■ What you need to do ■
Everything in the listing should be set down exactly, apart from the pictures.
== Information provided ==
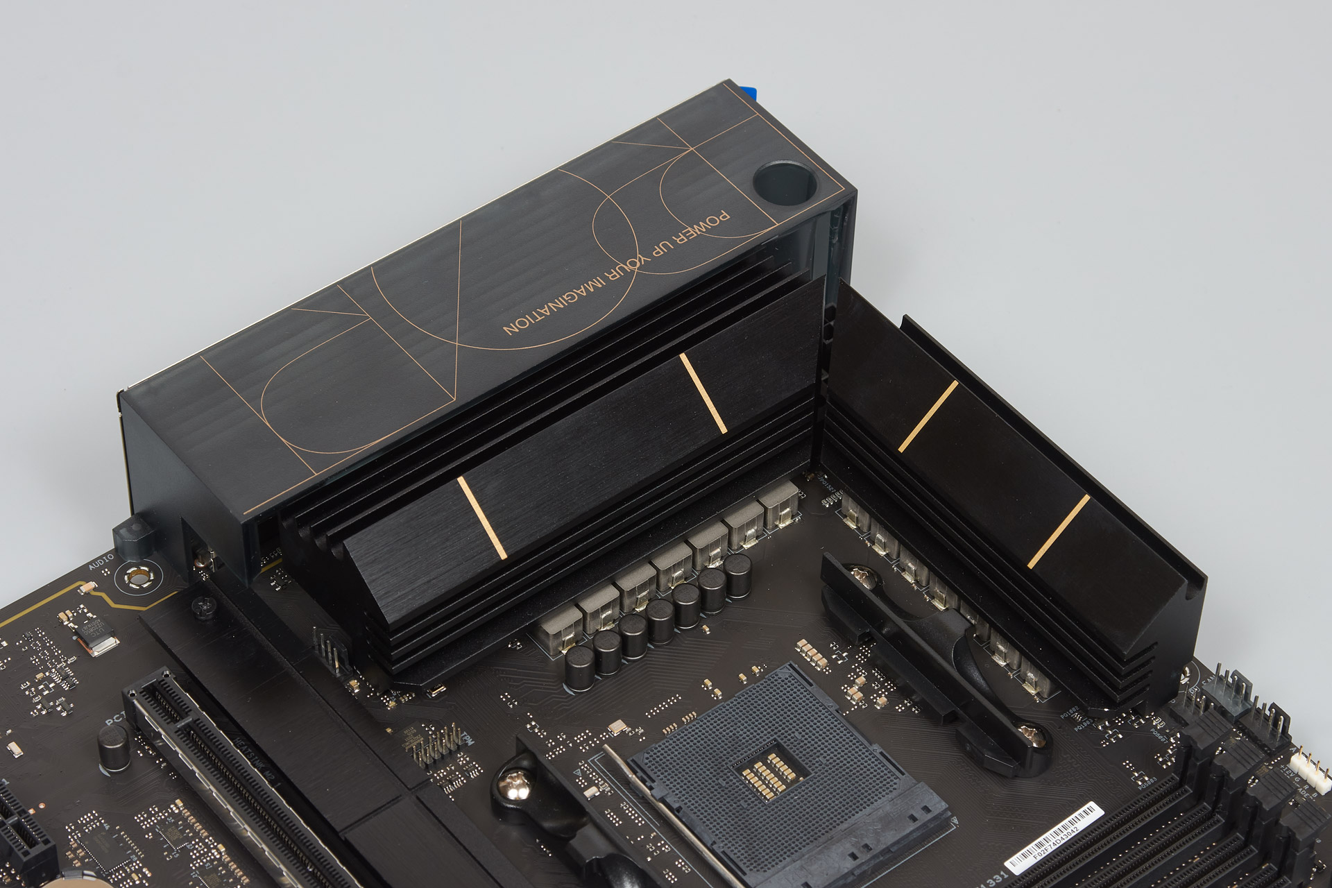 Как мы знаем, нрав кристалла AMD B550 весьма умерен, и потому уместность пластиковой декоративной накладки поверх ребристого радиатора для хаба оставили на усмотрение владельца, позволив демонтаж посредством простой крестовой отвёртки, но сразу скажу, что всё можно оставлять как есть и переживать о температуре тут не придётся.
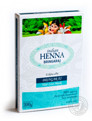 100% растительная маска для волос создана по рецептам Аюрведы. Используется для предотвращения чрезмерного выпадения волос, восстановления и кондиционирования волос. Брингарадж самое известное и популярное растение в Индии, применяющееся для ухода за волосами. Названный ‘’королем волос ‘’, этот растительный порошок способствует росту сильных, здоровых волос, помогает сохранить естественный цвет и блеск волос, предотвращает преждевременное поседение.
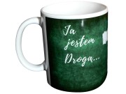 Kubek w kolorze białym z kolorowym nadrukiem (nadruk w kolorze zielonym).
===
■ Response area ■
 Как мы знаем, нрав кристалла AMD B550 весьма умерен, и потому уместность пластиковой декоративной накладки поверх ребристого радиатора для хаба оставили на усмотрение владельца, позволив демонтаж посредством простой крестовой отвёртки, но сразу скажу, что всё можно оставлять как есть и переживать о температуре тут не придётся.
 100% растительная маска для волос создана по рецептам Аюрведы. Используется для предотвращения чрезмерного выпадения волос, восстановления и кондиционирования волос. Брингарадж самое известное и популярное растение в Индии, применяющееся для ухода за волосами. Названный ‘’королем волос ‘’, этот растительный порошок способствует росту сильных, здоровых волос, помогает сохранить естественный цвет и блеск волос, предотвращает преждевременное поседение.
 Kubek w kolorze białym z kolorowym nadrukiem (nadruk w kolorze zielonym).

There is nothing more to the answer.